The performance of the ground walking task. (A) Contact duration. (B) Variability of contact duration. (C) The dynamic range of pressure. (D) The displacement of COP in the progression direction, normalized by foot size, as a function of foot contact time. The inset highlights the group difference near the foot takeoff. (E) The COP travel distance in the progression direction is divided by foot size. The boxplot indicates the median and IQR for each group.
However, none of the walking variables correlated with clinical scales for DP and SZ group participants. We did not find them to correlate with the gait item score on the SAS scale. We calculated the point serial correlation of all the gait variables with the gait score and still failed to detect any significant correlation. We noticed that 24 of the 47 patient participants scored 0, 20 scored 1, and 3 scored 2 for the gait item. Thus, the fact that our participants were not severely impaired in gait by the clinic assessment might be the reason behind the null correlation effect.
Overall correlation and classification
Correlational tests found that all the movement measures from the three tasks were uncorrelated with the severity of psychosis (BPRS and CGI) and antipsychotic dose (Chlorpromazine equivalents).
Next, we used all the movement measures, irrespective of whether they differed among groups, as features for the automatic classification of the groups. Based on these features alone, we tested whether individual participants could be classified into one of the three group categories. With leave-one-out cross-validation, the decision tree model yielded an overall classification accuracy of 71.1%, substantially higher than the chance level of 33.3%. Scrutinizing the confusion matrix (Table 2), we observed that the most common classification error was mislabeling NC and DP participants as SZ participants, yielding the lowest specificity for the SZ group compared to the other two groups. At the same time, the SZ group also had the lowest sensitivity of 60% since 40% of this group was mislabeled as the other two groups. The NC group had the highest sensitivity of 90.3% and specificity of 76.9%. To further evaluate the classifier’s performance, we derived a receiver operating characteristic curve (ROC) for each group and calculated its area under the curve (AUC). The AUC was 0.81, 0.62, and 0.75 for the NC, SZ, and DP groups, respectively (Fig. 6A).

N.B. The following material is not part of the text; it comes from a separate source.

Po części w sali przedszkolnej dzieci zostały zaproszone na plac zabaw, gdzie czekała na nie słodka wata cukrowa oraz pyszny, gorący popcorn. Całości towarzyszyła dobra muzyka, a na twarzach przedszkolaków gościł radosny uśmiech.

Receiver operating characteristic (ROC) curves from the classification analysis. (A) The ROC curves for the three-group classification. The ROC curves are plotted separately for the NC group versus the two remaining groups, the SZ group versus the two remaining groups, and the DP group versus the two remaining groups. (B) The ROC curve for the two-group classification between the drug group (collapsing data from both SZ and DP groups) and the NC group.

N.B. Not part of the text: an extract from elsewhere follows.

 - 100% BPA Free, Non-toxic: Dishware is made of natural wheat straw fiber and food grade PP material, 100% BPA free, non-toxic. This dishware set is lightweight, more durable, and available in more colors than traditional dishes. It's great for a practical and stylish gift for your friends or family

We also examined whether the movement features can be used to classify the drug and no-drug groups accurately. We pooled the SZ and DP groups as a single drug group and performed the same automatic classification (Table 3 and Fig. 6B). The overall accuracy and the AUC increased to 82.2% and 0.75, respectively. A binary classification could achieve much better overall performance with our instrumental movement data.
Discussion
The present study targeted the wide spectrum of motor symptoms in adolescents with schizophrenia who have first-episode psychosis and atypical antipsychotic use. As our first endeavor to quantitatively investigate the changes in psychosis and accompanying motor signs, our cross-sectional study also compared the adolescents with SZ to a group of adolescents with depressive disorders who took antipsychotics and potentially had EPS signs. Indeed, compared to the NC group, the SZ group exhibited larger postural tremors and a more rigid gait. The DP group showed similar effects, though less pronounced. We did not detect group differences in body sway during 30 s quiet standing, but interestingly, the body sway negatively correlated with the EPS scale scores for the SZ group. Furthermore, none of the motor measures was correlated with the antipsychotic dose. With the motor features from these instrumental methods, a simple decision tree classifier could categorize the three participant groups with an overall accuracy of 71.1% and classify the medication-free NC group and the combined medication group of NC and SZ participants with an accuracy of 82.2%.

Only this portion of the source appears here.